I am trying to create a tree from a source that provides: the 2 nodes to be added to the tree, and the node which these 2 news nodes should be added. To find where this node is in the tree, I used a inorder traversal which takes O(n). So if there was n number of nodes to be added in the tree, will the creation of the whole tree be O(n^2). My constraint is that it should only take O(n) to create the tree.
3 Answers
Looking up a node in a binary tree is O(log(n)) because the tree has log(n) levels (each level holds twice as much as the level above it). Therefore to create/insert n elements into a binary tree it's O(nlog(n)).
1 Comment
ftw
Look ups are only
O(log(n)) if the tree is balanced, O(n) if its unbalanced. Create/insert n elements if it's sorted would be O(n^2)You could keep references to each node of the tree in a HashMap [1], to get O(1) access to each node instead of the O(log(n)) which is typical of trees. That would make it possible to build the tree in O(n) time, because that HashMap lets you jump directly to a node instead of traversing there from the tree's root node.

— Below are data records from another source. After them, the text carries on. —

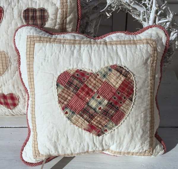 Kissenbezug Herzchen in creme mit zauberhaften Patchworkherz in den unterschiedlichsten karierten Farbkombinationen, rot/creme, helbraun/creme....... Romantik pur.....Die Umrandung ist creme/hellbraunkariert, die Rückseite rot/creme kariert, ebenso die Einfassung mit einem gewellten Rand.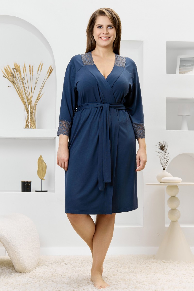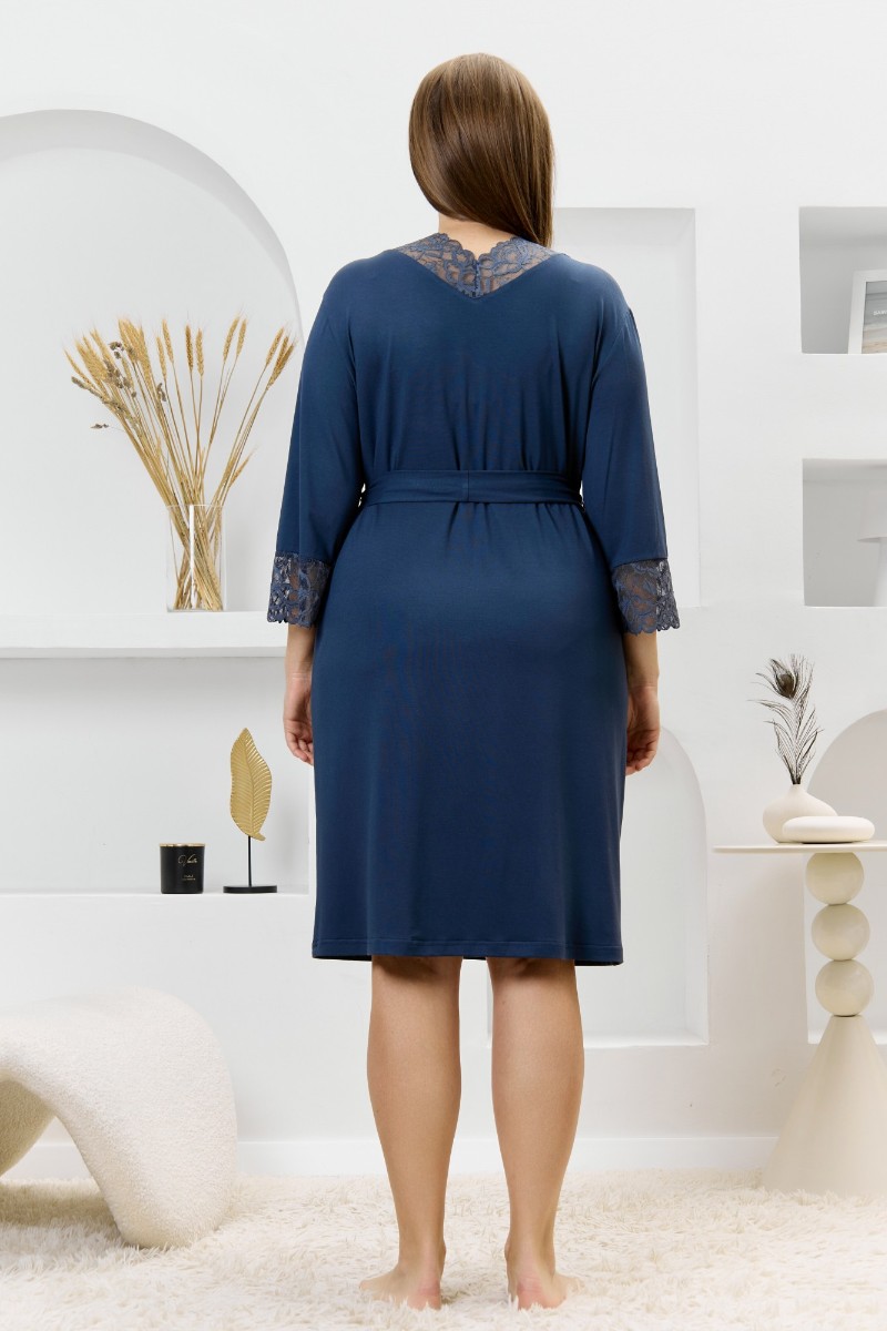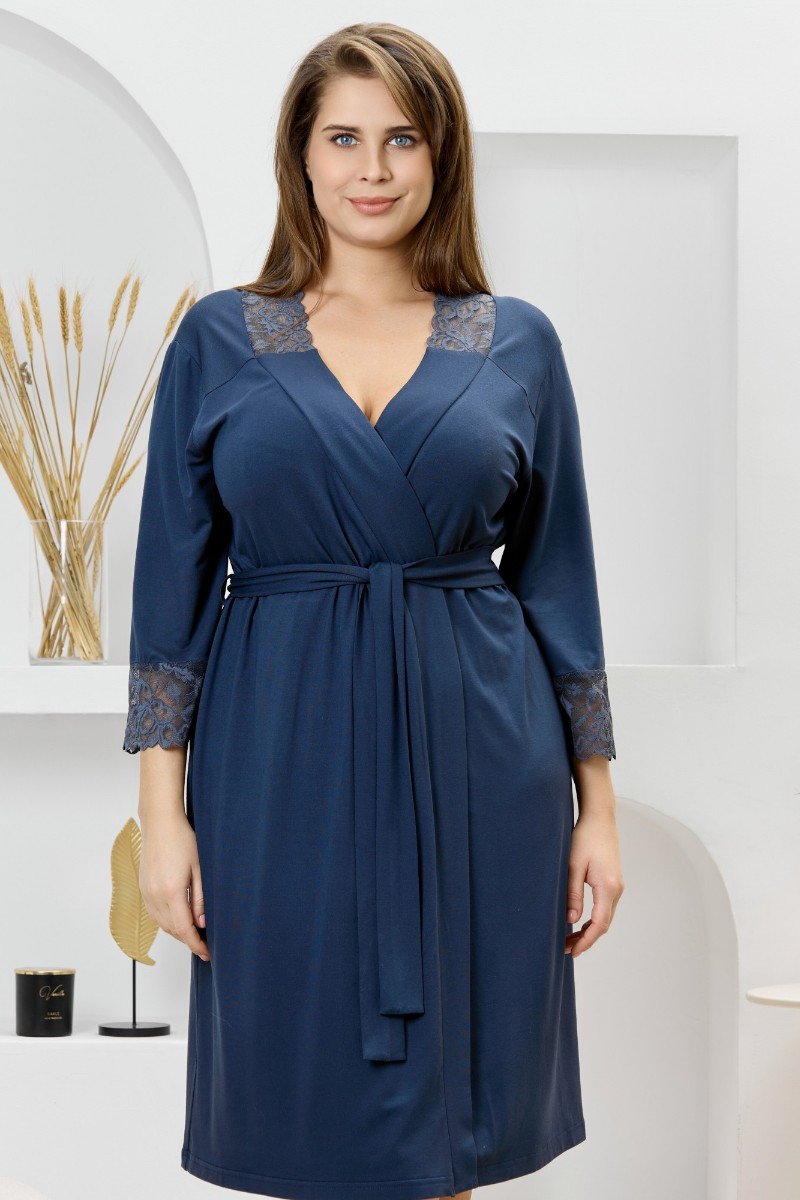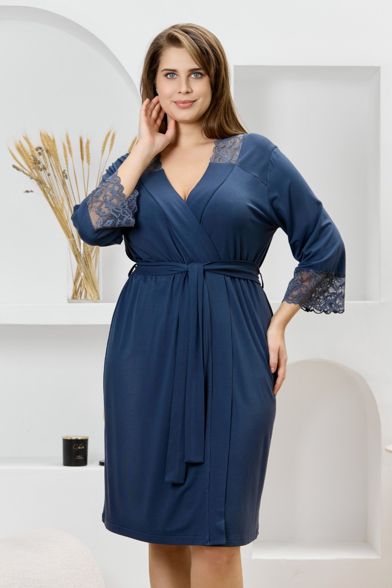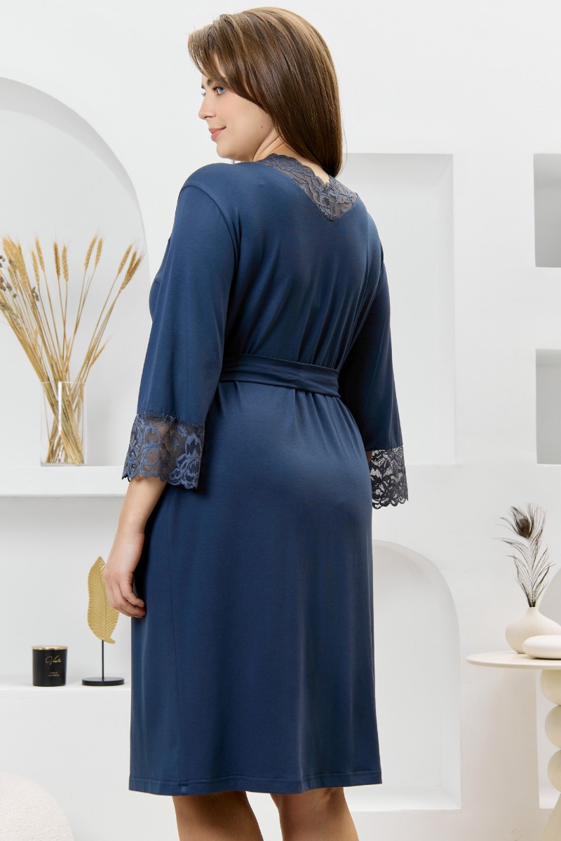 Представляем Вашему вниманию женский халат из гладкокрашеного трикотажного вискозного полотна, на запахе, с втачными рукавами 3/4 длины, кружевными манжетами, притачной планкой по бортовым срезам и съемным поясом, продетым через две шлевки в боковых швах. Спинка с кружевной притачной кокеткой - V-образной формы, бортовая планка с кружевными вставками, переходящими на полочку.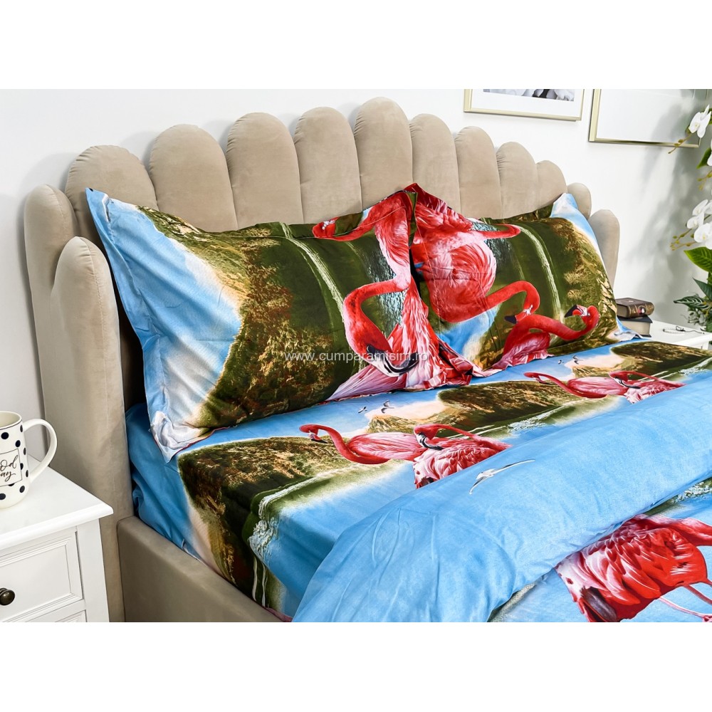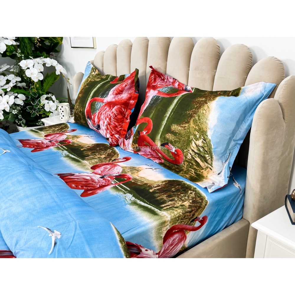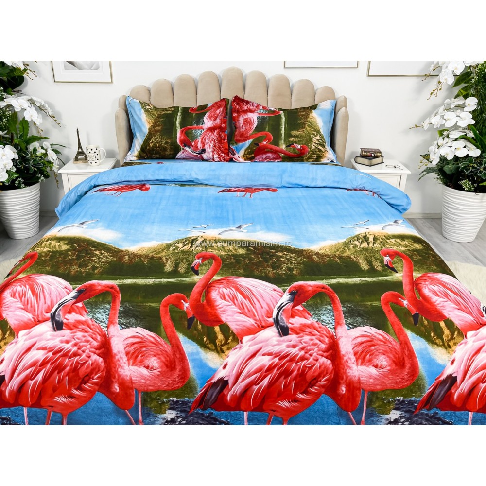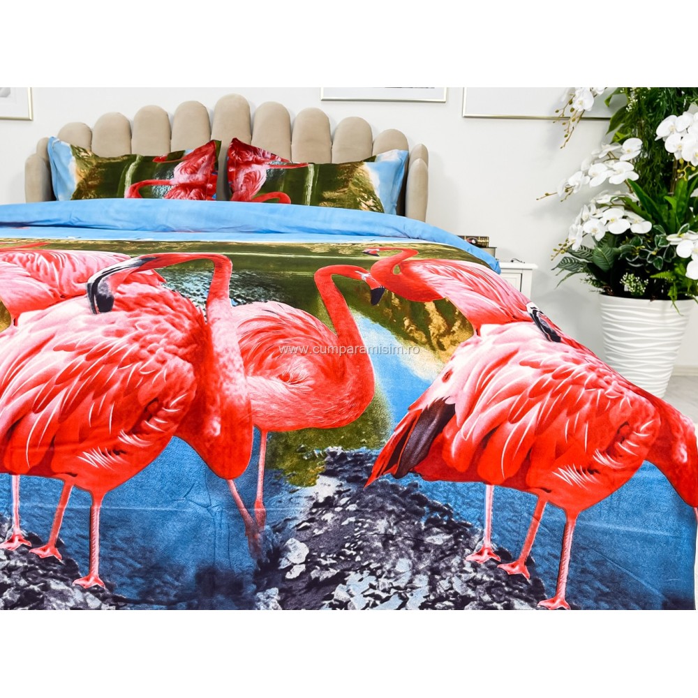 Lenjerie pat dublu, 4 piese, IMPRIMEU 3D Multiplicat, Microfibra, Albastru, flamingo, Johny Home Pucioasa, cod produs: SPR-B-571

[1] The key would be whatever the source uses for uniquely identifying the nodes (I'm assuming it to be an integer or string). The value would be a reference to the node in the tree. Note that the tree implementation must make all its nodes public, so you will probably need to write the tree yourself or find a suitable library (JDK's trees such as TreeMap keep their internal structure private, so they won't cut it).
4 Comments
twain249
while this would solve the question, it begs another question: Why not just store the data in a HashMap at the point and forgo the tree entirely.
Esko Luontola
twain249: True. If this is homework, I doubt there is any real reason to use a tree, other than that the assignment says so. :) One realistic (but rare) reason I could come up with is that the system needs to quickly restore its state from a file after restart (thus the O(n) startup time) and during normal operation the system has strict worst-case latency requirements (thus hash map's amortized O(1) is not acceptable, but a tree's predictable O(log(n)) is needed).
Ciro Santilli OurBigBook.com
The words O(1) amortized time given a perfect hash function or
O(1) average should appear more predominantly in this answer :-)
BARJ
One advantage I can think using a B-tree instead of a hash-table, if you are storing strings, is that with a hash-table you can not do prefix searches, with B-tree you can.
for Binary search tree time complexity will be O(nlogn) when the elements are not sorted and sorted it takes O(n^2). It is because to to insert one element in a sorted list in a BST O(n) time is taken so for n elements O(n^2) and for a balanced or almost balanced binary search tree max time for insertion is logn so for n elements it is nlogn
O(n log n). There does seem to be something missing from your description. Also I assume that's homework so you should add the right tags.